In [9]: p = pypol.poly1d([1, -3, 3, -5])
In [10]: roots.durand_kerner(p)
Out[10]:
[(0.20629947401590029+1.3747296369986026j),
(0.20629947401590013-1.3747296369986026j),
(2.5874010519681994+0j)]
But the question is: why does it work with a different complex numbers comparation??
UPDATE
Now it works, and I've done some tests:
In [1]: p = pypol.poly1d([1, -3, 3, -1])
In [2]: p
Out[2]: + x^3 - 3x^2 + 3x - 1
In [3]: pypol.roots.cubic(p)
Out[3]: (1.0, 1.0, 1.0)
In [4]: durand_kerner(p)
Out[4]:
((1+0j),
(1.0000002484566535-2.708692281244913e-17j),
(0.99999975147728026+2.9792265510301965e-17j))
In [5]: q = x ** 3 - 1
In [6]: q
Out[6]: + x^3 - 1
In [7]: pypol.roots.cubic(q)
Out[7]: (1.0, (-0.5+0.8660254037844386j), (-0.5-0.8660254037844386j))
In [8]: durand_kerner(q)
Out[8]: ((1+0j), (-0.5-0.8660254037844386j), (-0.5+0.8660254037844386j))
如果你对这篇内容有疑问,欢迎到本站社区发帖提问 参与讨论,获取更多帮助,或者扫码二维码加入 Web 技术交流群。
绑定邮箱获取回复消息
由于您还没有绑定你的真实邮箱,如果其他用户或者作者回复了您的评论,将不能在第一时间通知您!
发布评论
评论(2)
你的算法看起来不错,它对我有用,维基百科中的示例
给出了
Your algorithm looks fine, and it works for me for the example in the wikipedia
gives
关于您的“EDIT 5”:发生这种情况是因为 str() 没有将数字格式化为完整精度。
所以不要这样做。
无论如何,代码中的相等性测试:
是多余的;如果
n == root[i],那么abs(n - root[i])将为零,所以你可以做只是并投入一些努力来工作epsilon 的默认值应该是什么;正如我在评论中指出的,解决
X**3 == 1收敛,但您的默认 epsilon 太小,无法永远阻止它循环。

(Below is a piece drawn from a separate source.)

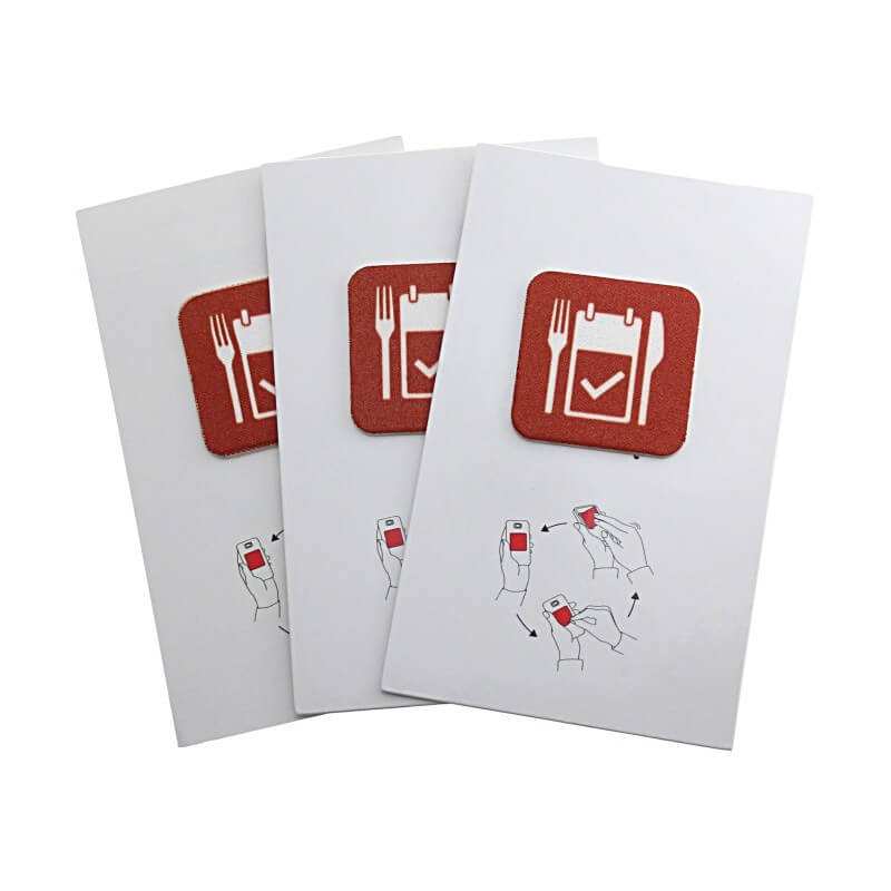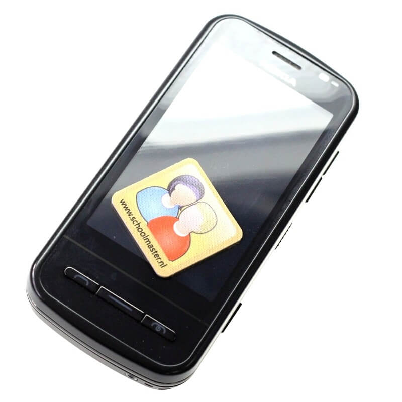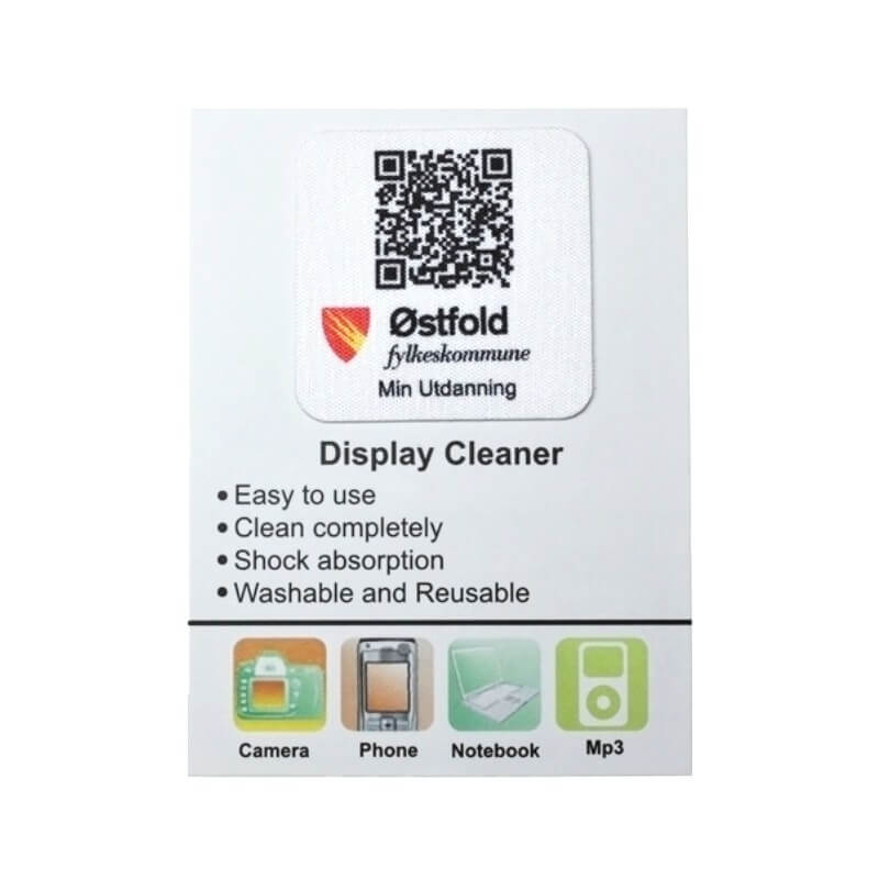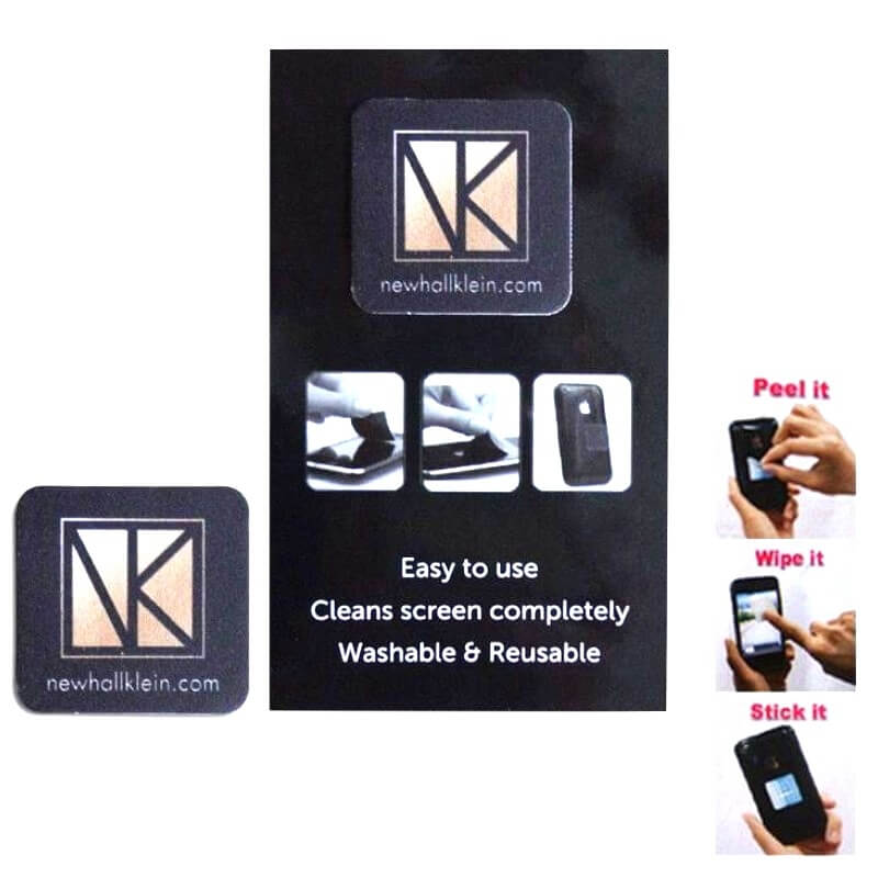 Štvorcové samolepiace látkové čistidlo na displej, veľkosť 38 x 38 mm, vlastná CMYK potlač, balené v PP vrecúšku, alebo v PP vrecúšku + CMYK potlačená kartónová karta s rozmermi 90 * 55 mm (prípadne iných), vlastná grafika

1.12e-16看起来对于默认 epsilon 来说是更好的选择。为了娱乐,尝试不适合的 Poly([-1, 3, -3, 1]) ...三个根都等于 (1+0j) ...它需要超过 600 次迭代,并且最后 10 次或因此迭代会惊人地跳跃,直到它从左域的远处得出一个合理的解决方案。

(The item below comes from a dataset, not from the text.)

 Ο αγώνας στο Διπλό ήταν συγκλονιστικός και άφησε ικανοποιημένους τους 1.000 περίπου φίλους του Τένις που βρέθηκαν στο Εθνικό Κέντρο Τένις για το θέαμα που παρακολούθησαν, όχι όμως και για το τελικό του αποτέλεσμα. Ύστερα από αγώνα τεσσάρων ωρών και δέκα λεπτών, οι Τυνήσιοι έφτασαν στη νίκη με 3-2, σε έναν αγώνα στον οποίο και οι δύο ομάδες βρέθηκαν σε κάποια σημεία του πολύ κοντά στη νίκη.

About your "EDIT 5": this happens because str() doesn't format numbers to the full precision.
So don't do that.
In any case, the equality test in your code:
is redundant; if
n == roots[i], thenabs(n - roots[i])will be zero, so you could do justand put a bit of effort into working out what the default for
epsilonshould be; as I pointed out in a comment, solvingX**3 == 1converges but your default epsilon is too small to stop it looping forever.1.12e-16looks like a better bet for the default epsilon.For amusement, try the unsuited Poly([-1, 3, -3, 1]) ... three roots all equal to (1+0j) ... it takes over 600 iterations, and the errors in the last 10 or so iterations jump about astonishingly until it just arrives at a reasonable solution from far out in left field.